Thanks man, yea the floor is real easy just a royal pain in the ass to get level, but once it's level it's solid as a rock!


----------



## ericogg (Mar 30, 2012)

How does that anti slip stuff you added to paint seem to work out? I was thinking about doing the same for my boat but wasn't sure how well I'd like it


----------



## Mass_Bass (Mar 30, 2012)

Just a quick question on what type of screws (hardware) guys are using to mount the plywood to benches or like you did to the bow of your boat...

Looks great - thanks...


----------



## JamesM56alum (Mar 30, 2012)

Well the floor on the front i drilled and put 3 carraige head bolts with nylon locking nut's and then to mount to the benches it depends on if it's a sealed bench, if it's a sealed bench it need's to be long course thread stainless self drilling bolts, and if it's open bottom just a stainless nut and bolt is all you need.

The antislip stuff work's wonders, at first i wasnt impressed since it took 3 coats to get it to stick pretty good, after you let it cure and sit for a few days it gets really solid as a rock.


----------



## ericogg (Mar 31, 2012)

Well that's good to hear.
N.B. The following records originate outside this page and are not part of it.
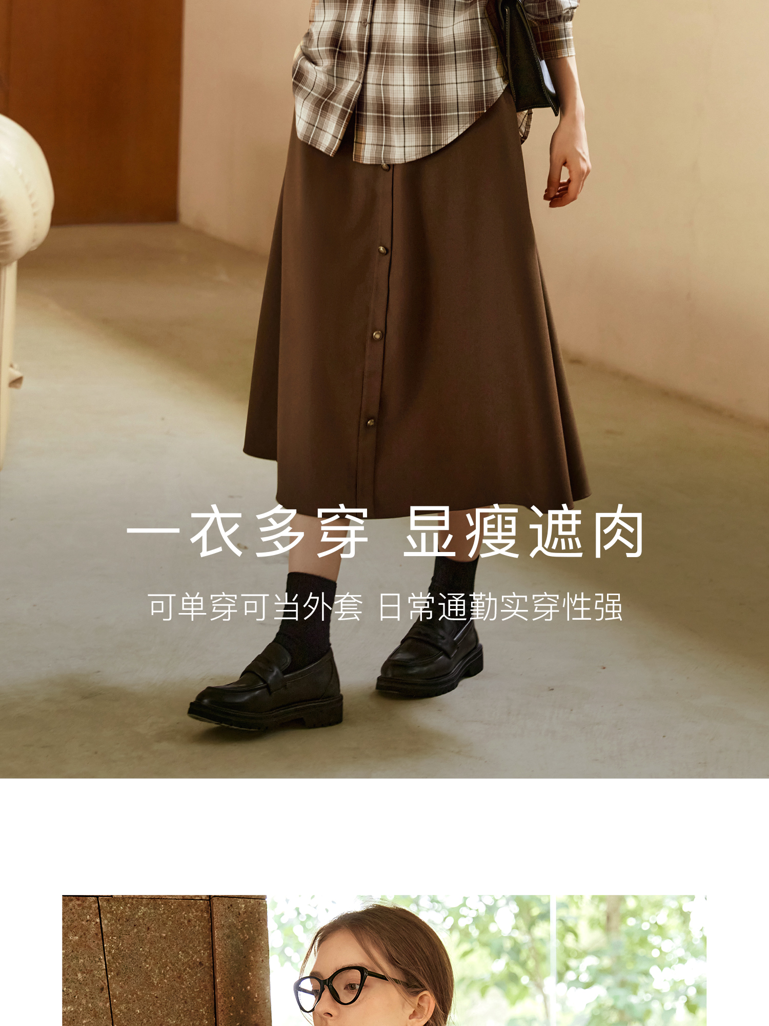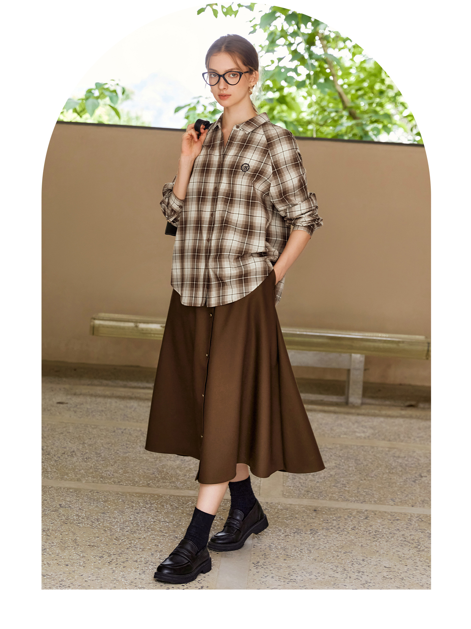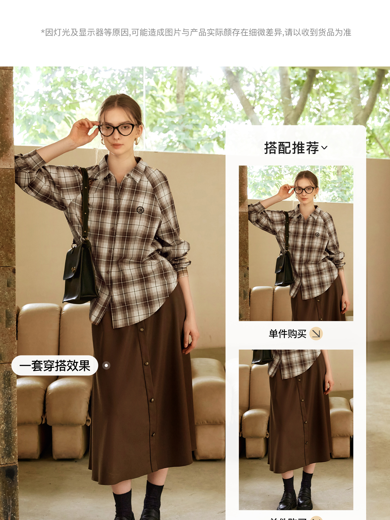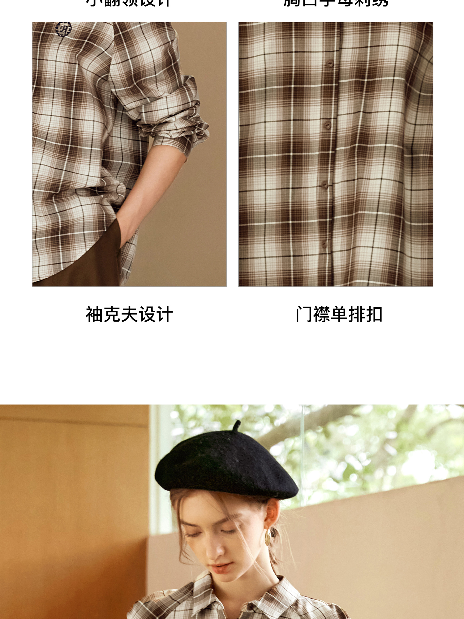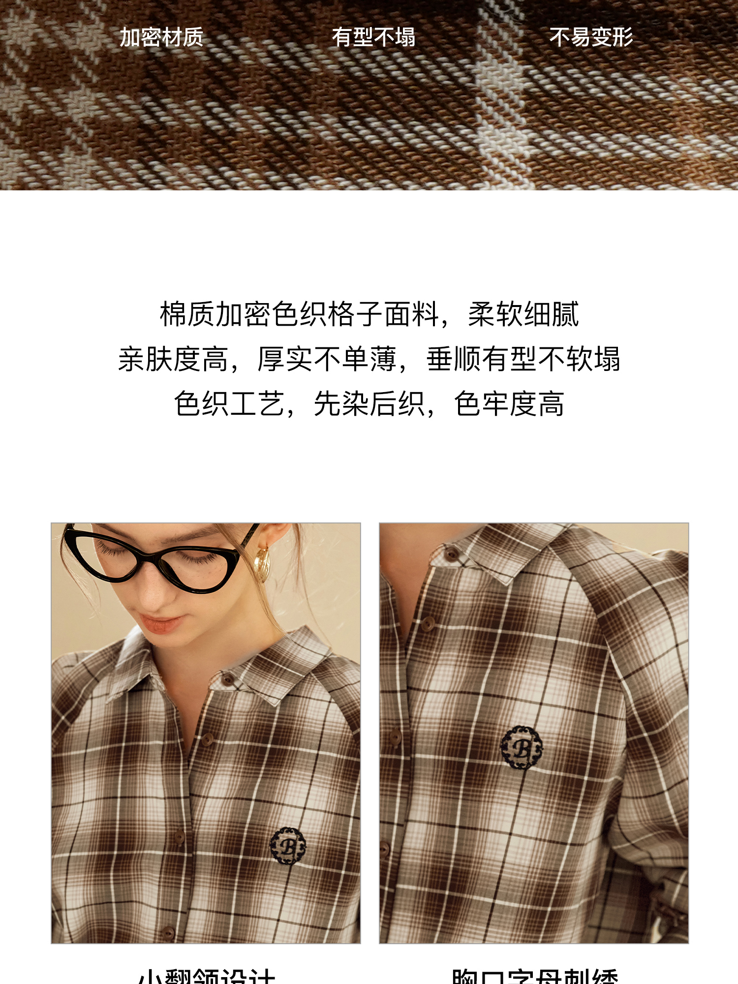 OLrain欧芮儿法式格子长袖衬衫女早秋2024年新款通勤字刺绣上衣
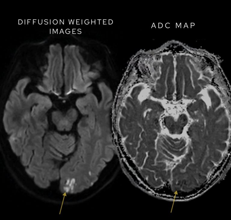• Bright spots on DWI without corresponding ADC reduction could simply reflect T2 shine-through, a phenomenon that mimics restricted diffusion but does not indicate pathology.
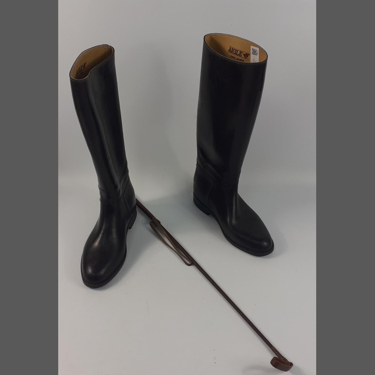 A pair of French AIGLE riding Boots size M (6 1/2 Eur 40), some wear but plenty of life left plus a brown leather riding crop
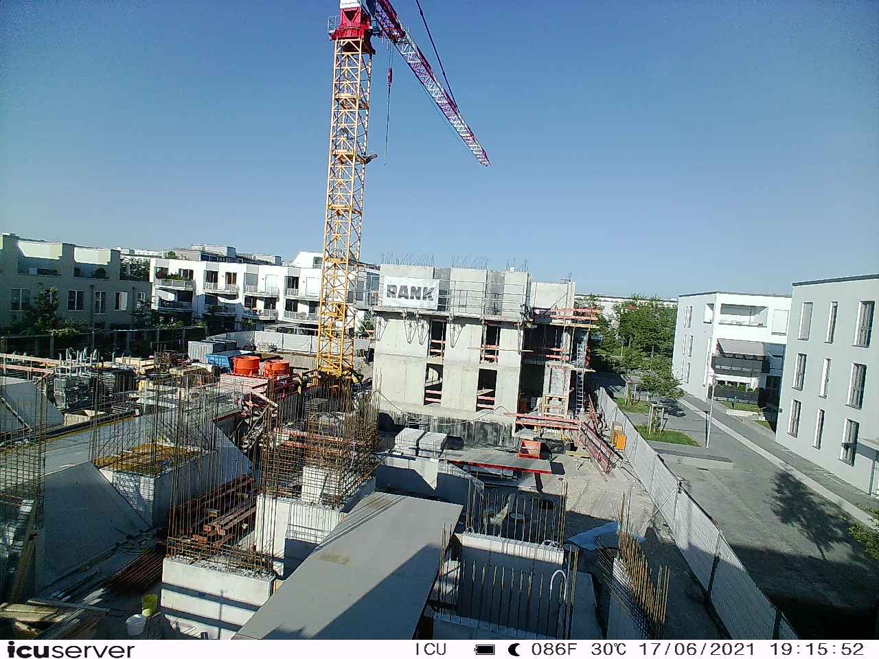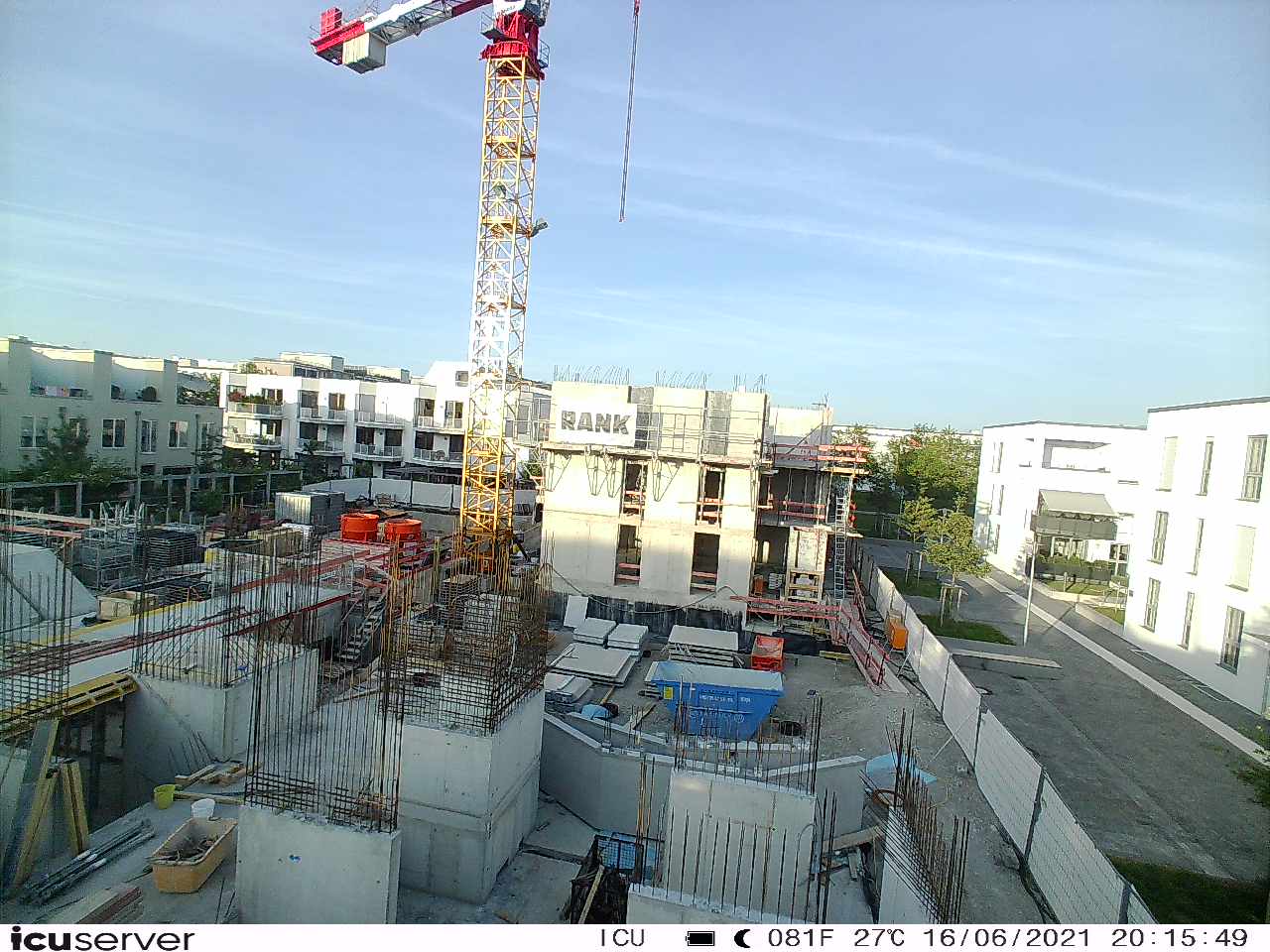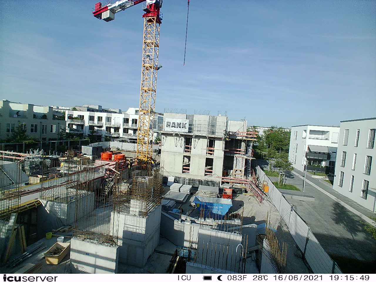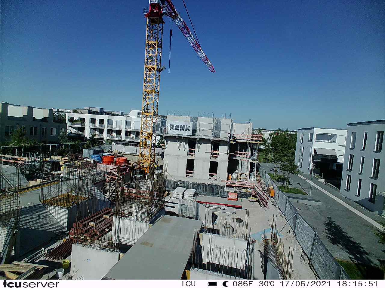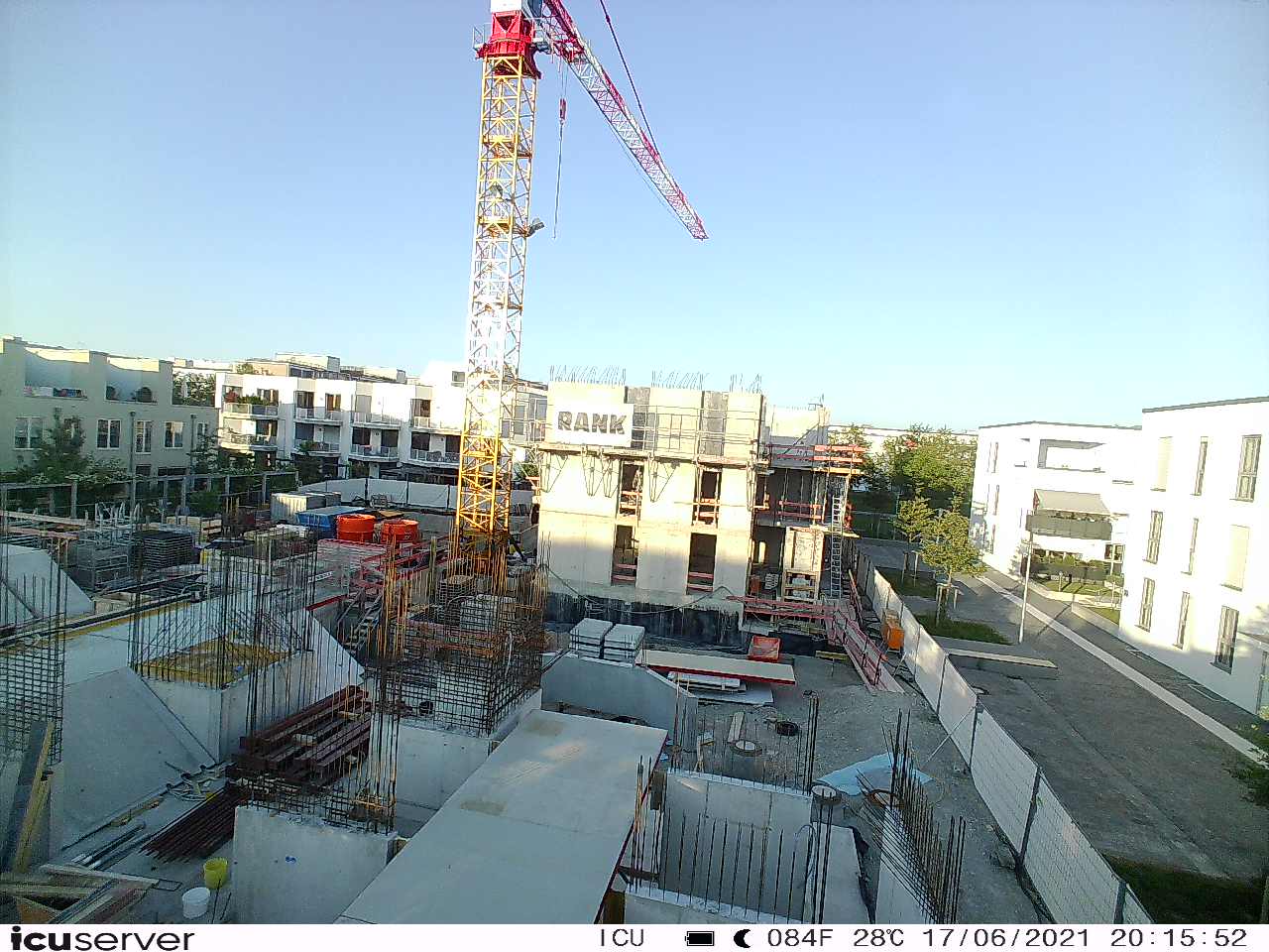 Die Kamera steht am westlichen Ende der Baustelle. Sie blickt nach Osten. Bilder: 26. Februar - 13. August 2021.
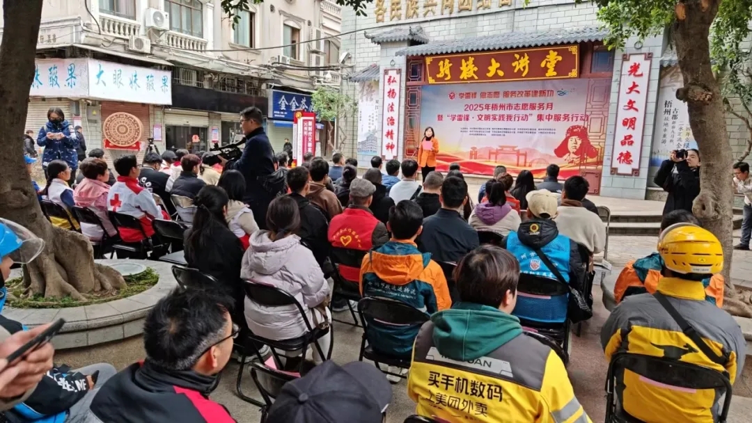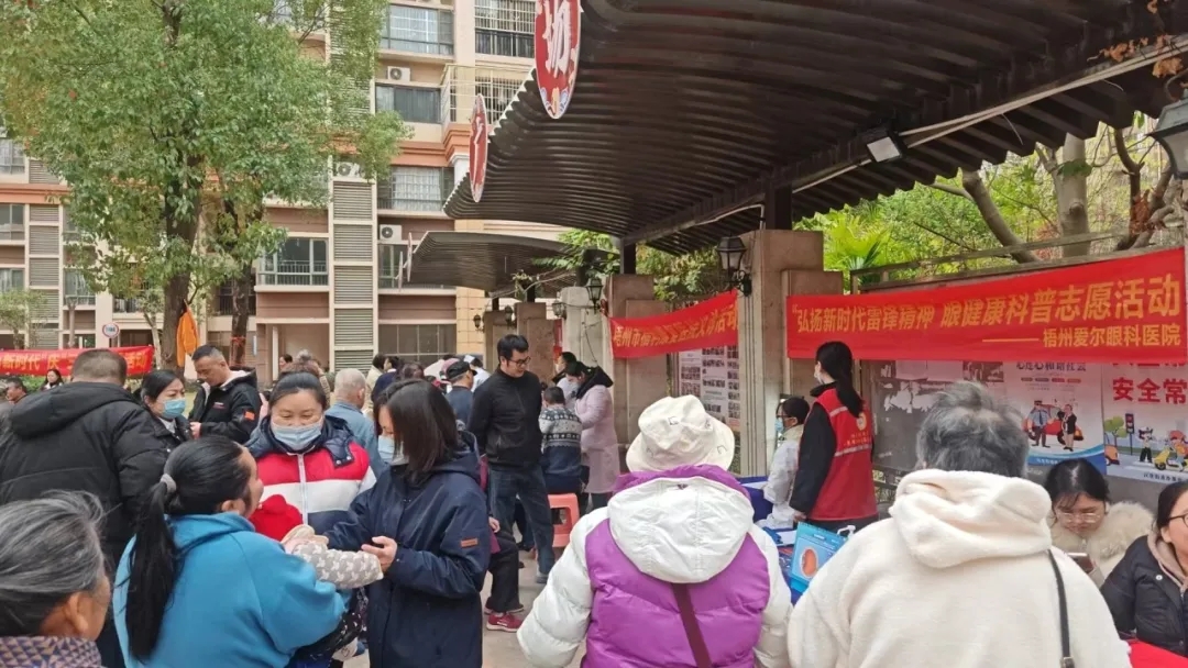 2025年3月5日是第62个"学雷锋纪念日"和第5个“广西志愿者日”,为贯彻落实自治区《关于开展2025年广西志愿服务月主题活动的通知》要求,大力弘扬新时代雷锋精神和志愿服务精神,营造全社会人人参与文明实践的浓厚氛围,3月5日,由中共梧州市委社会工作部、梧州市精神文明建设委员会办公室、共青团梧州市委员会、梧州市妇女联合会主办,梧州爱尔眼科医院等爱心志愿单位、梧州志愿服务联合会承办的梧州市2025年广西志愿服务月暨“学雷锋 文明实践我行动”集中示范活动在万秀区城南街道南中社区珠玑广场正式启动,由中共梧州市龙圩区委社会工作部、梧州市龙圩区精神文明建设办公室、共青团梧州市龙圩区委员会、梧州市龙圩区妇女联合会主办的龙圩区2025年志愿服务月暨“学雷锋 文明实践我行动”志愿者服务活动在“梧城小哥”暖新驿站开展,梧州爱尔眼科医院龙圩门诊部等10个爱心志愿单位积极参加活动。
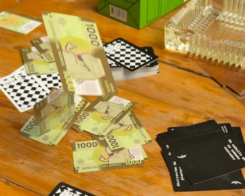 No vendemos juegos importados con traducciones genéricas. Cada uno de nuestros juegos de mesa nace aquí, con humor chileno real, diseño original y la garantía de hacerte reír hasta que te duela la guata. Creamos experiencias, no productos.
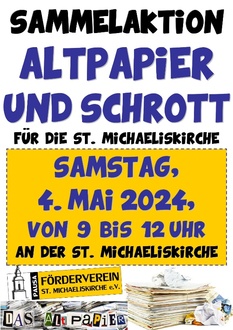 Unsere nächste Papier- und Schrottsammlung findet am Samstag, dem 4. Mai 2024, in der Zeit von 9:00 bis 12:00 Uhr vor der St. Michaeliskirche Pausa statt.
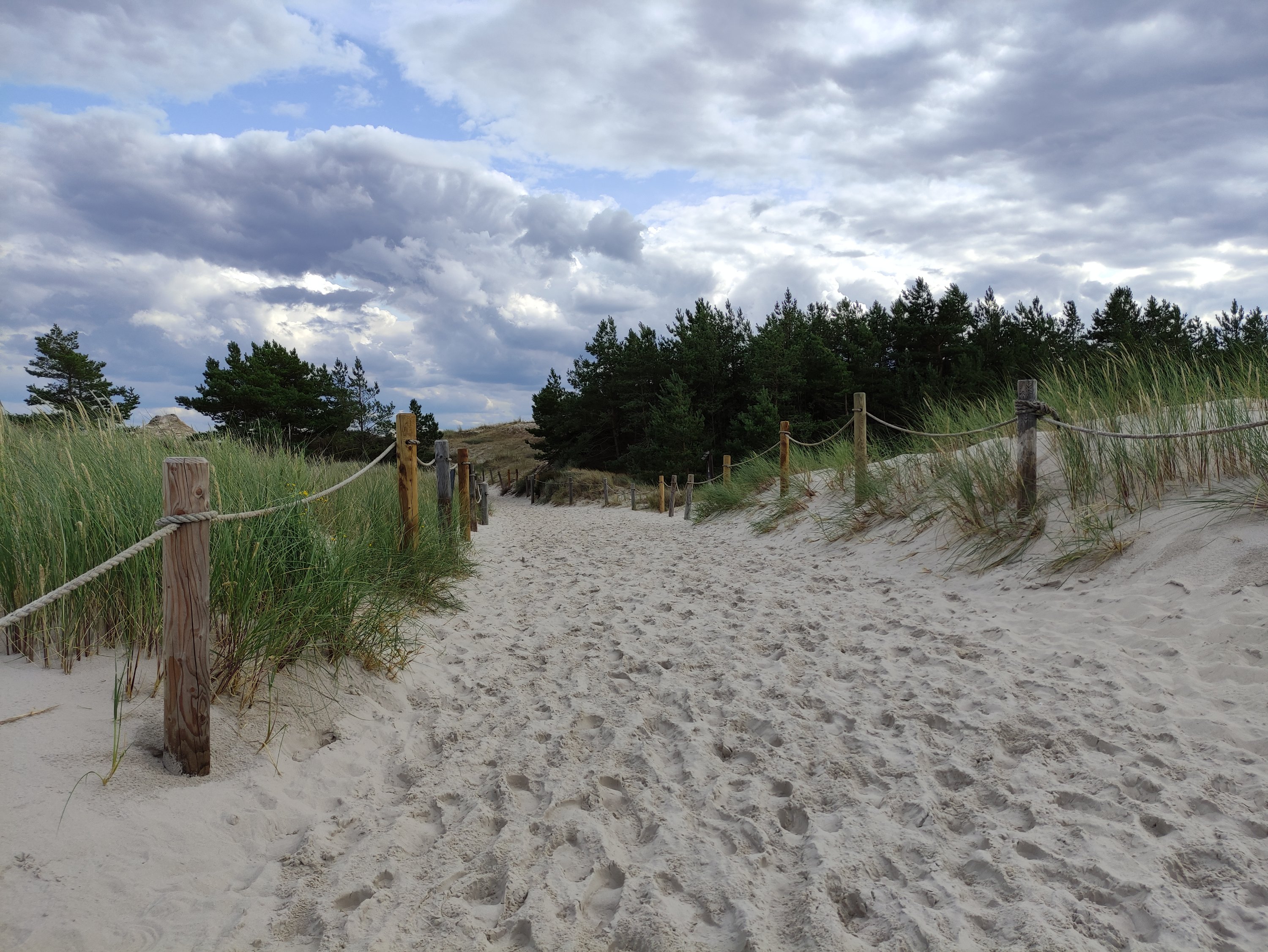 Am Abend schaute ich mir die Route für den nächsten Tag an: es sollte am Anfang wieder durch einen Wald gehen und das Oberflächenprofil bei Komoot sagte wieder losen Untergrund voraus. Irgendwie hatte ich schon so eine Vorahnung, dass die ersten Kilometer an diesem Tag sehr anstrengend werden könnten und ich überlegte, ob ich nicht von dem Ostseeküstenradweg abweichen und über kleinere Nebenstraßen über die Dörfer fahren sollte. Da jedoch nach ca 12 km ein kleiner Abzweig von dem Weg durch den Wald zu den Dörfern vorhanden war, wollte ich dem Ostseeküstenradweg eine Chance geben. Diese Entscheidung habe ich schnell bereut und sehnte mir schon nach Kurzem den Abzweig zu den Dörfern herbei. 😀
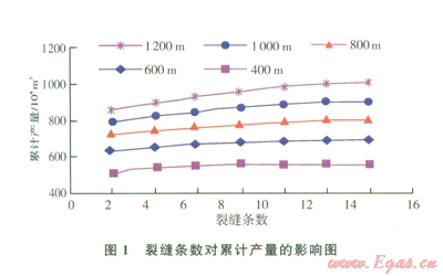 圖1是不同水平段長度、不同裂縫條數(shù)下生產(chǎn)l年的累計產(chǎn)量??梢钥闯觯S著裂縫條數(shù)增加,累計產(chǎn)量先增加最后趨于平穩(wěn)。因為隨著裂縫條數(shù)增加,裂縫間距變小,相互間干擾加重,導致每條裂縫產(chǎn)量減小造成的。考慮到裂縫條數(shù)增加,作業(yè)成本增大,因此存在一個最佳裂縫條數(shù)。當水平段長度為

Did you use any type of sealer for the wood or did you just put that straight on the wood?


----------



## JamesM56alum (Mar 31, 2012)

Helmsman sparr is the best sealer out there, but i would suggest sanding the wood after you seal it before you try to paint because the first time i tried to paint it, the paint didnt stick so i had to do a light sand with some 80grit and that did the trick.

Also had to redo the bulge pump, the velcro didnt hold as well as i would have liked so i just drilled and mounted it to the transom brace.

Well she went out on the water today for an all day run, old girl did awesome but sadly didnt get a single bite all day on 3 different lakes. 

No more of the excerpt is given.